王珺,李德伟,薛红,武珺.基于预测的智能电能表数据简化的轻量级框架[J].电测与仪表,2019,56(12):146-152. Jun Wang,Dewei Li,Hong Xue,Jun Wu.Research on Lightweight Framework for Data Simplification of Intelligent Meter Based on Prediction[J].Electrical Measurement & Instrumentation,2019,56(12):146-152.
基于预测的智能电能表数据简化的轻量级框架
Research on Lightweight Framework for Data Simplification of Intelligent Meter Based on Prediction
In Advanced Metering Infrastructure (AMI), In order to minimize data transmission and data simplification of smart meters, a lightweight framework based on prediction is proposed. Firstly, a decision tree is established to find the relationship between the forecasting method and the statistical characteristics of electricity consumption data. Then, the time series of electricity consumption data is analyzed to extract the statistical characteristics.
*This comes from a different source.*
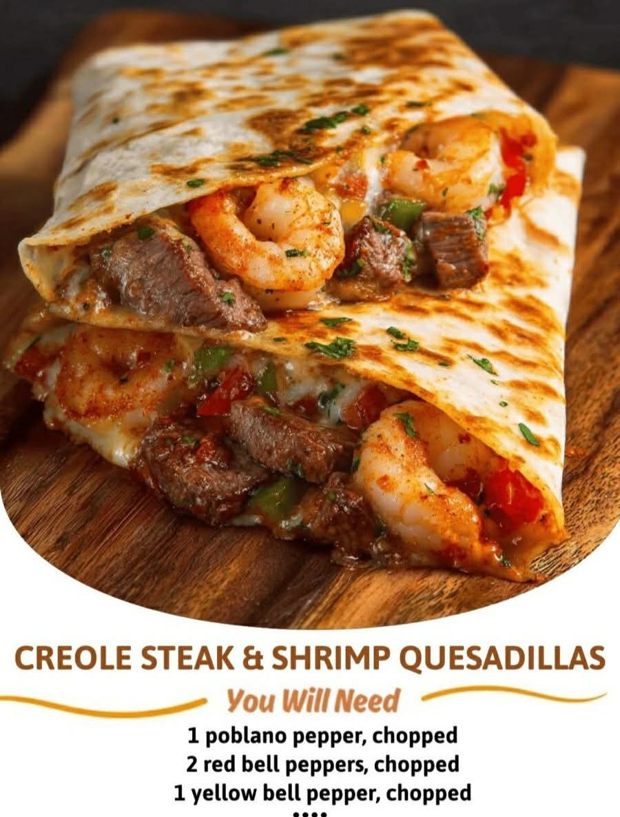 Creole Steak & Shrimp Quesadillas AdminonAugust 30, 2025August 30, 2025Leave a Comment on Creole Steak & Shrimp Quesadillas Creole Steak & Shrimp QuesadillasIngredientsQuesadilla Base2 ribeye steaks, cubed into ¼-inch pieces1.5 lbs shrimp, peeled, deveined, and quartered1 poblano pepper, chopped2 red bell peppers, chopped1 yellow bell pepper, chopped1 large onion, thinly sliced2 cloves garlic, minced2 tbsp olive oil2 tsp Creole seasoning (plus more to taste)Salt & pepper, to tasteAssembly6 large flour tortillas3 cups shredded Mexican blend cheese (or Monterey Jack + Cheddar)2 tbsp butter (for toasting quesadillas)Sour cream, salsa, or guacamole (for serving)—Instructions1. Prepare the Steak & ShrimpHeat 1 tbsp olive oil in a large skillet over medium-high heat.Add cubed ribeye, season with 1 tsp Creole seasoning, and cook until browned but still juicy (about 3–4 minutes). Remove and set aside.In the same pan, add shrimp with a little more oil, 1 tsp Creole seasoning, and cook just until pink (2–3 minutes). Remove and set aside.2. Cook the VeggiesAdd remaining oil to the skillet.Toss in onion, peppers, and garlic. Sauté until softened and slightly charred, about 6–7 minutes.3. Combine FillingReturn steak and shrimp to the skillet with the veggies.Toss everything together, check seasoning, and cook 1–2 more minutes. Remove from heat.4. Assemble QuesadillasLay a tortilla flat, sprinkle a layer of cheese, add steak-shrimp-veggie mixture, then top with more cheese.Place another tortilla on top (or fold in half if using one).5. Cook QuesadillasHeat a clean skillet or griddle with butter over medium heat.Toast each quesadilla for 2–3 minutes per side until golden brown and cheese is melted.6. ServeSlice into wedges, serve hot with sour cream, salsa, or guacamole.

Finally, in order to increase the adaptive ability of the framework to the changing data modes of smart meters, a supervised learning scheme is adopted to switch to the forecasting method which is most suitable for the current data modes in real time. Ten users" electricity consumption data in one year are extracted from the data set. The total number of records collected by each user is 17600. The experimental results show that the proposed framework can achieve high data simplification accuracy (DRA) and data simplification rate (DRP), with the highest DRA of 96.7% and DRP of 98.6%.